Write out the entire listing below exactly, with the pictures left out.

__AVAILABLE DATA__
════════════════════
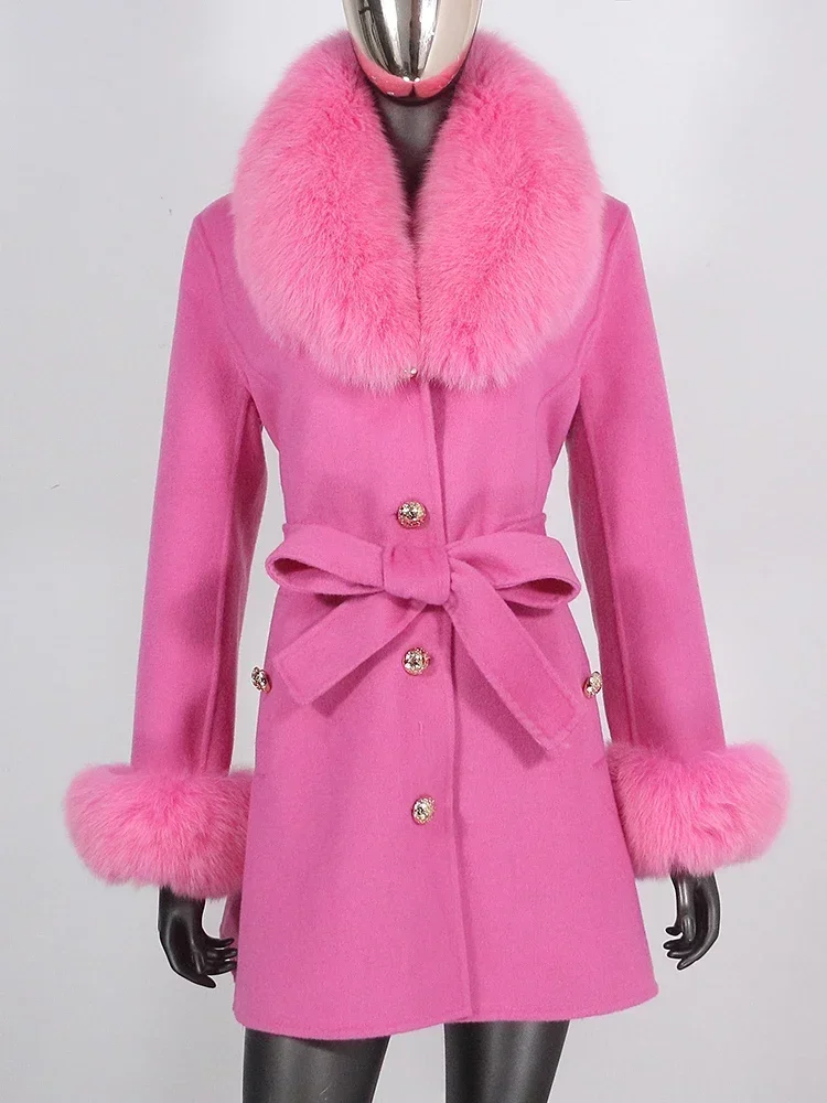 Material :90% wool +10% cashmere wool Blends + natural fox fur fur collar
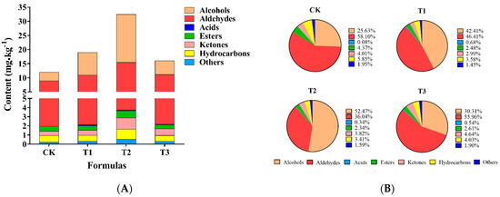 (A) Overall flavor compounds concentration (mg/kg button mushrooms relative to internal standard) of Agaricus bisporus cultivated in different compost. (B) Changes in the proportion of volatile compounds in each category under four treatments. CK, control group; T1, T2, and T3 indicate treatment groups with tea residue contents of 10%, 20%, and 37.5%, respectively.
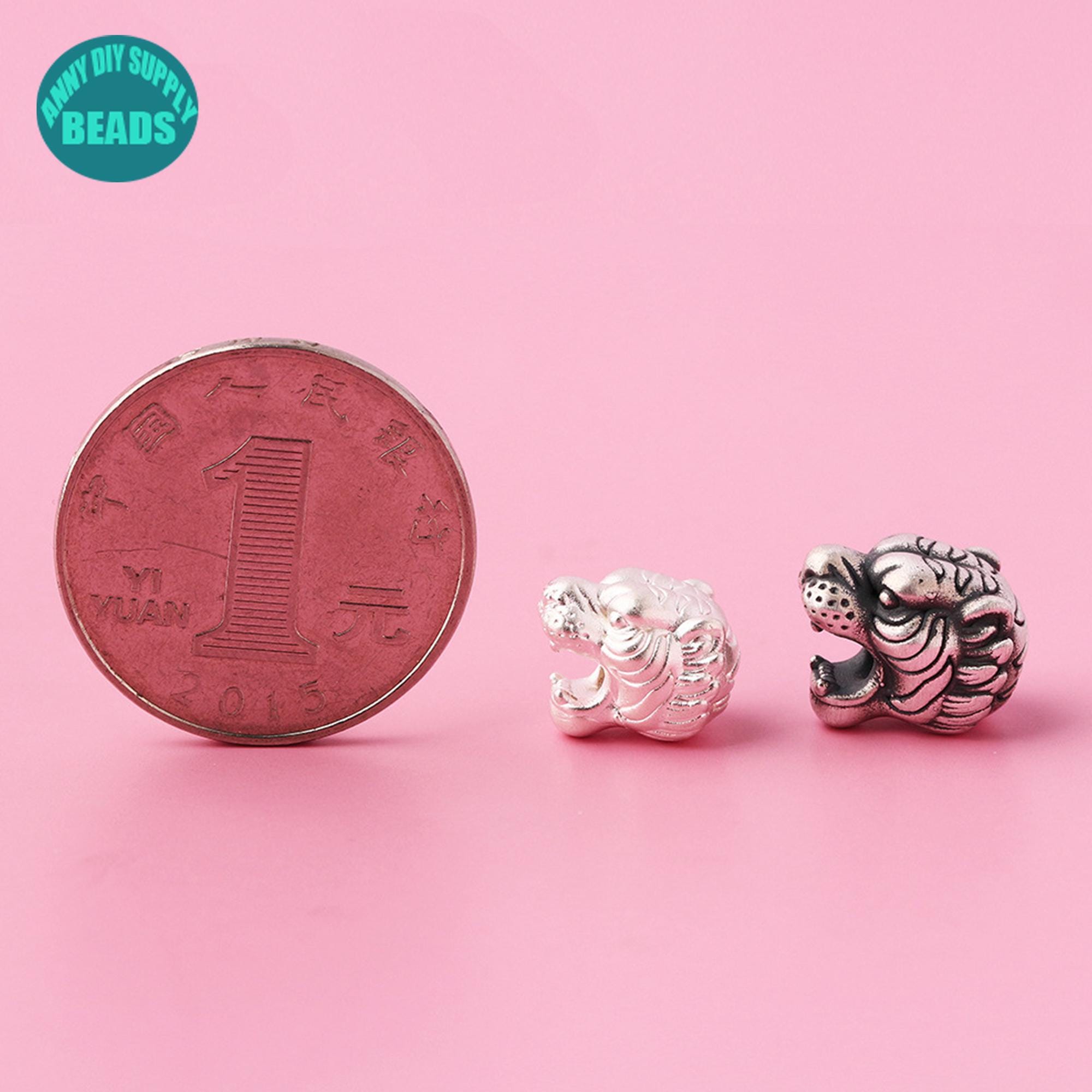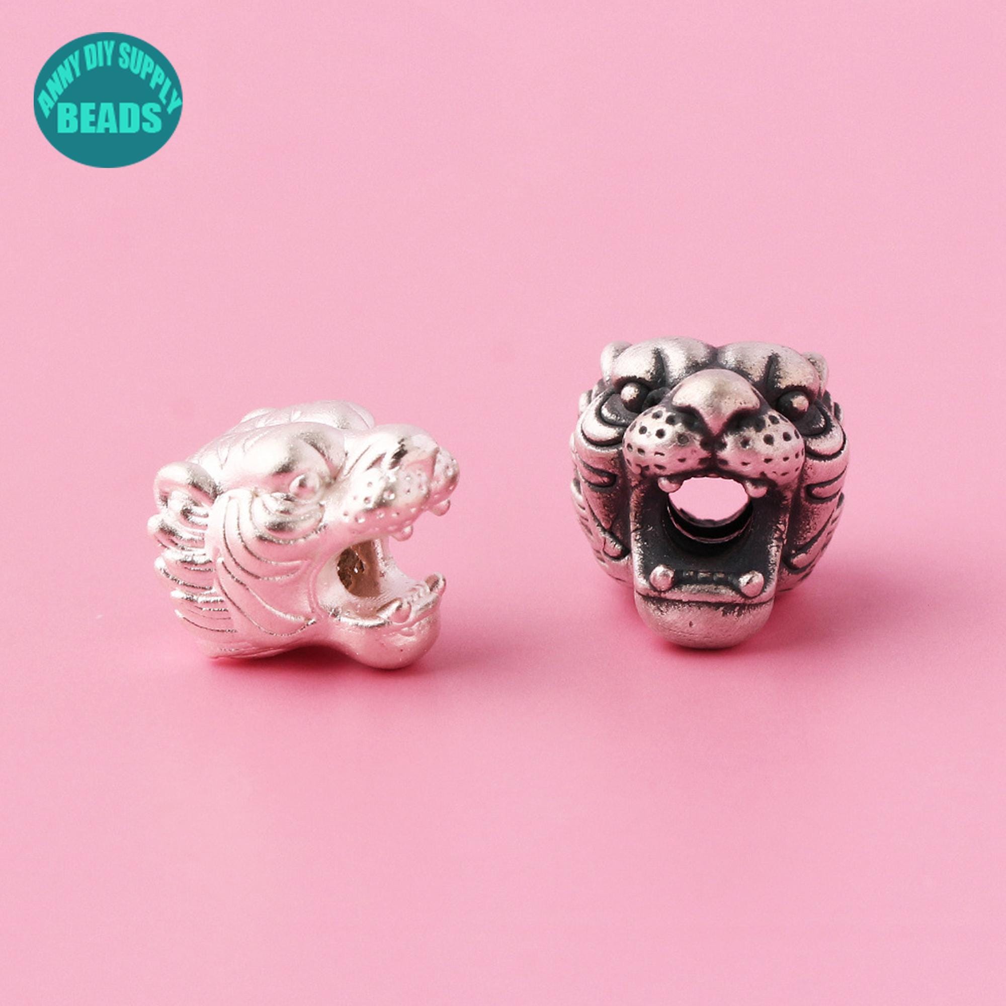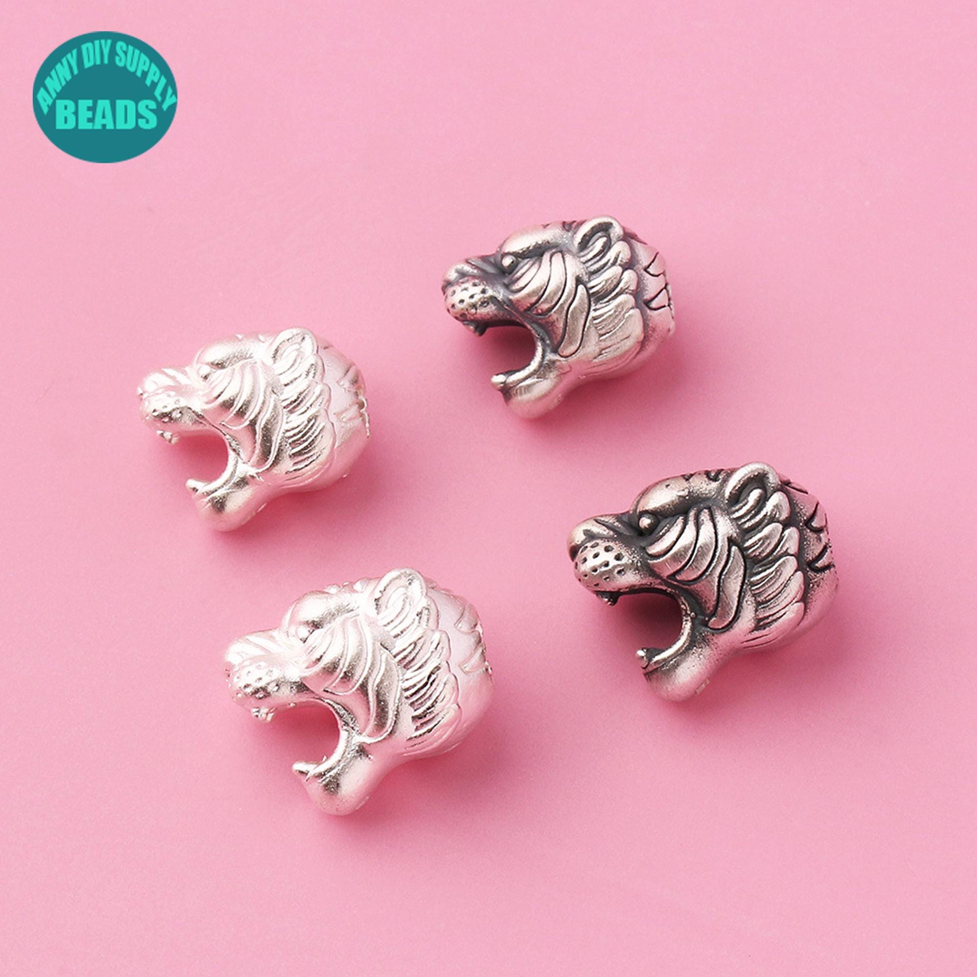 S999 3D Hard Fine Silver Light Weight leopard Head Beads,Man’s Bracelet Focal Beads
════════════════════
__ANSWER TO THIS PROBLEM__
 Material :90% wool +10% cashmere wool Blends + natural fox fur fur collar
 (A) Overall flavor compounds concentration (mg/kg button mushrooms relative to internal standard) of Agaricus bisporus cultivated in different compost. (B) Changes in the proportion of volatile compounds in each category under four treatments. CK, control group; T1, T2, and T3 indicate treatment groups with tea residue contents of 10%, 20%, and 37.5%, respectively.
 S999 3D Hard Fine Silver Light Weight leopard Head Beads,Man’s Bracelet Focal Beads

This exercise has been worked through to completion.